Rett syndrome is a rare and severe neurological condition. There is currently no treatment or cure, but clinical trials are beginning to offer families new hope – and early Action funding helped pave the way to the exciting progress now being made.
Imagine watching your baby develop normally, only to see those precious early skills and milestones slowly slip away. This is the heartbreaking reality for families affected by Rett syndrome.
It’s caused by a fault in a gene that’s critical for normal brain functioning. Symptoms start subtly, usually around six to 18 months after birth, and worsen over time, leading to severe physical and learning disability.
In 2009, Action Medical Research awarded over £180,000 to support the search for new treatments for this devastating condition.
Professor Sir Adrian Bird and his team at the Wellcome Trust Centre, at the University of Edinburgh, had previously generated early evidence that symptoms of Rett syndrome might be reversed if healthy gene function could be restored.
With Action funding, they took the next step. They used viral vectors – harmless viruses modified to carry healthy genes – to deliver a corrected version of the faulty gene into brain cells, and showed that this could successfully reverse Rett symptoms in the laboratory.
In collaboration with researchers in the US, they then showed that injection of their vector into the bloodstream could give more effective results.
This work, published in 2013, generated initial proof of principle that gene therapy held promise to treat, and potentially even cure, Rett syndrome. It also laid the foundations for further advances, including a ‘mini-gene’ approach that was also effective and easier to deliver.

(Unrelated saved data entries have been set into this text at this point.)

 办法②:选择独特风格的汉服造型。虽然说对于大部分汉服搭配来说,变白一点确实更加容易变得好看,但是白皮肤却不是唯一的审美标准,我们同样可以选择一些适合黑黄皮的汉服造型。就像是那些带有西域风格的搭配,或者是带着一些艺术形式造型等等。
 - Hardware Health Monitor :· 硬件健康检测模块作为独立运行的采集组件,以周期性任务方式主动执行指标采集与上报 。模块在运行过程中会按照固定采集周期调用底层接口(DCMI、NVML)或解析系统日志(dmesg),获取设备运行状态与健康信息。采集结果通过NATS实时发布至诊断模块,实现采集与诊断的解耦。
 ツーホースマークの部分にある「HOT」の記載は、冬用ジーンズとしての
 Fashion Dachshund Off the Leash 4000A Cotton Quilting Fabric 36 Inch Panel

Excitingly, the first clinical trials of gene therapies in patients were launched in 2023 in the US and Canada and have since started recruitment in the UK. One of these has adopted the mini-gene approach pioneered by the Edinburgh team. Initial trial results show promise, bringing the possibility of life-changing treatment closer than ever before.
Action played a part in developing the story towards clinical trials, for which the charity deserves significant credit”

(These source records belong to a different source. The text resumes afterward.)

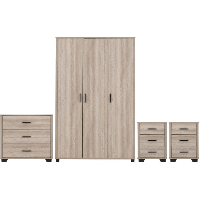 Wardrobe Set - OLDBURY 3 Door Bedroom Set Light Oak Effect 120cm
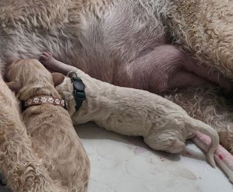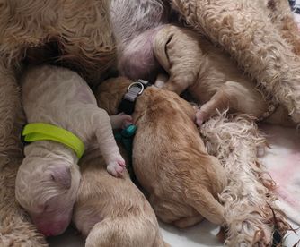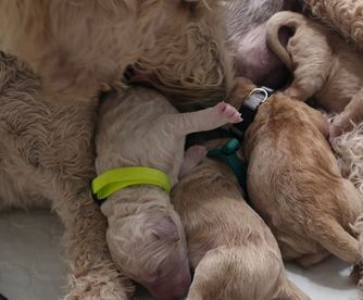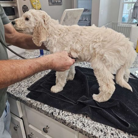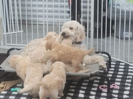 My grandmother bred, raised, trained and showed Champion Poodles and Boston Bull Terriers which exposed me to this field. After buying our farm and ranch, I get to return to my great love. Midwoofery! Goldendoodles bring so much happiness into a home! F2b and Multi-Gen Goldendoodles are *less likely* to shed. There are no guarantees; however. There is no such thing as "hypoallergenic" dogs.
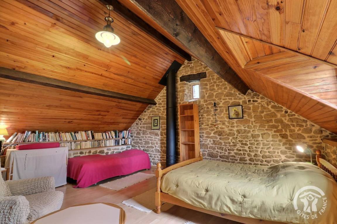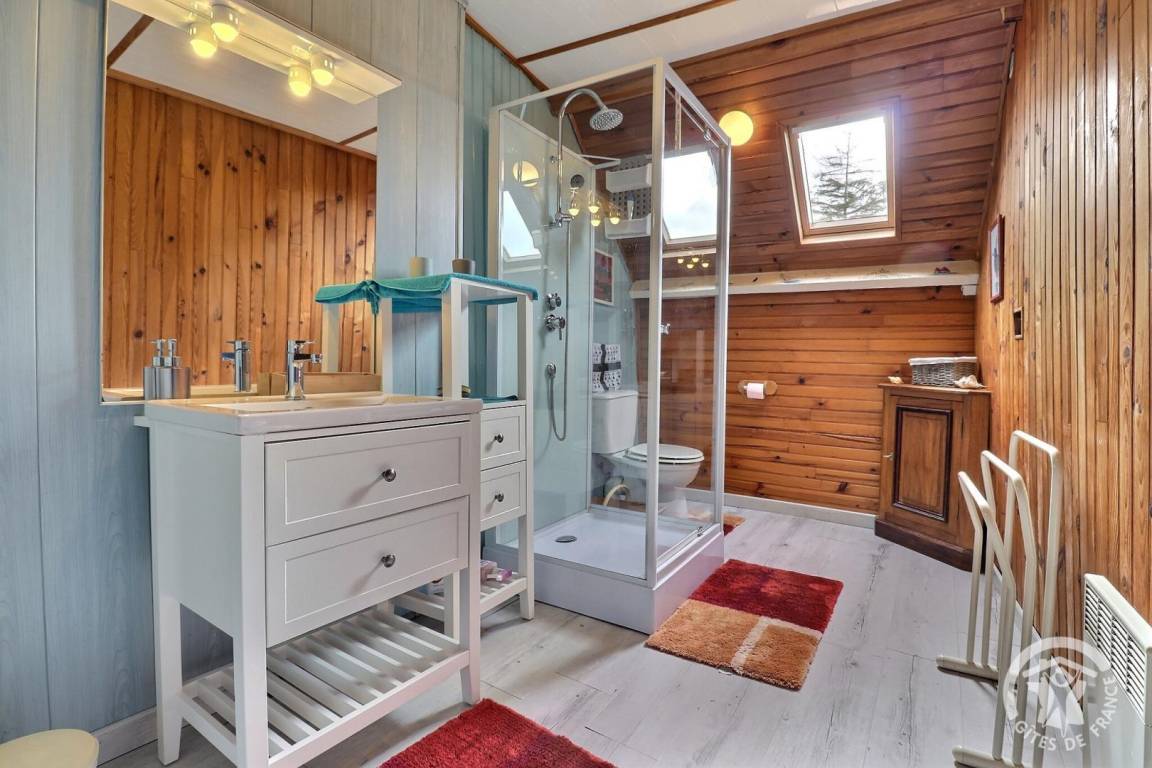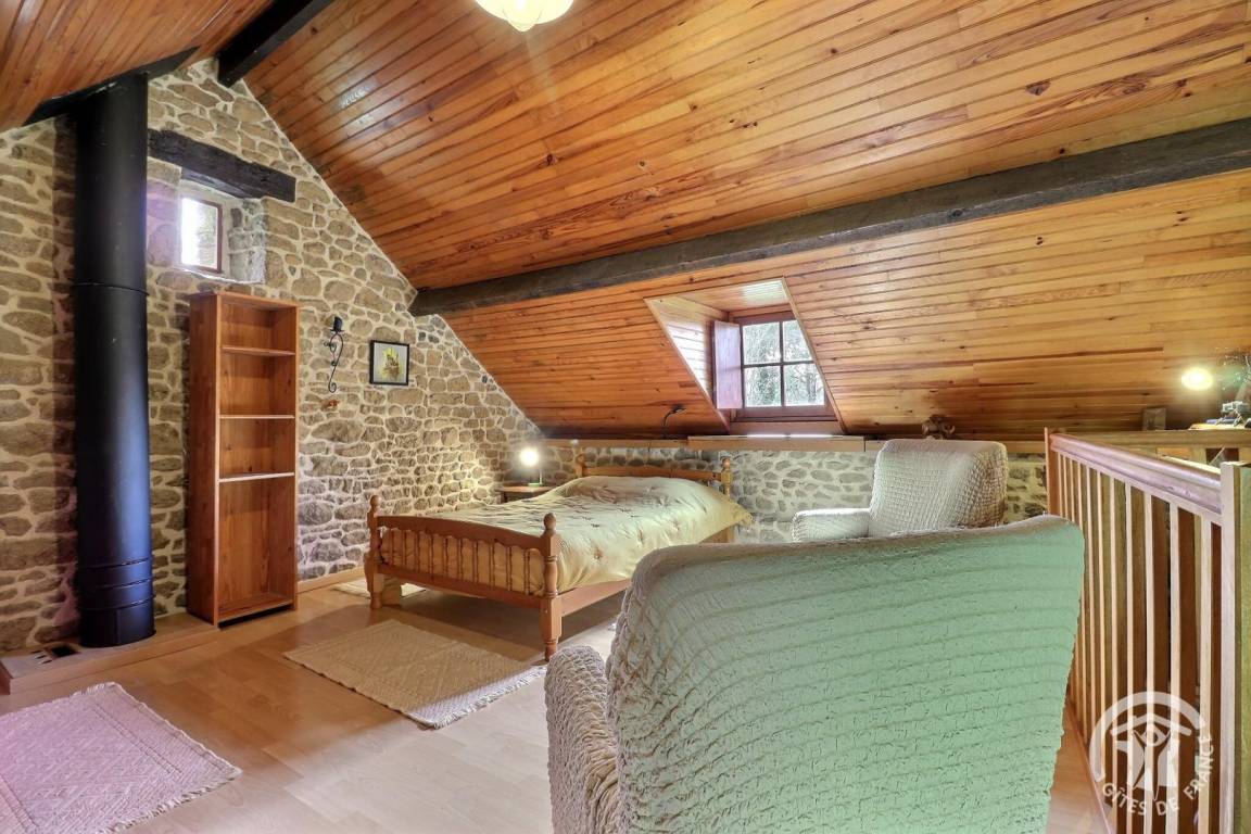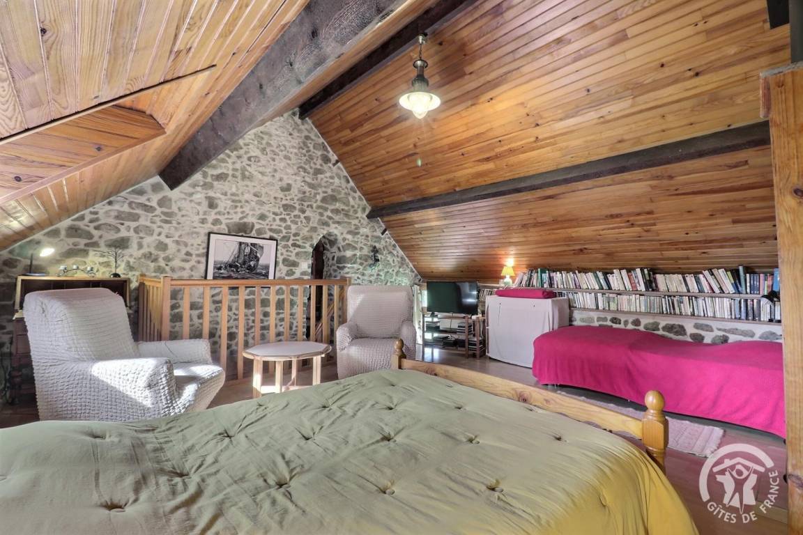 Im EG: Wohnbereich Esszimmer mit Schlafcouch, Kochecke und Holzofen (Gesellschaftsspiele zur Verfügung). Im Stockwerk: großes Schlafzimmer (1 Doppelbett und 1 Einzelbett), Wohnzimmerecke mit Fernseher (DVD), Bad mit Dusche, WC, elektrische Heizung.

Helping children like Mollie
For families like Mollie’s, pictured below, gene therapy for Rett syndrome can’t come soon enough. “Seeing Mollie where she is now, just being able to regain basic skills would be huge," says her dad, Mark. ”We see glimpses of her personality and it just feels that Mollie is stuck in a glass cage, waiting to get out.”
”We know equally that some families have been waiting much longer than us – and unfortunately there are many children who have been lost along this journey. There is now a huge amount of hope.”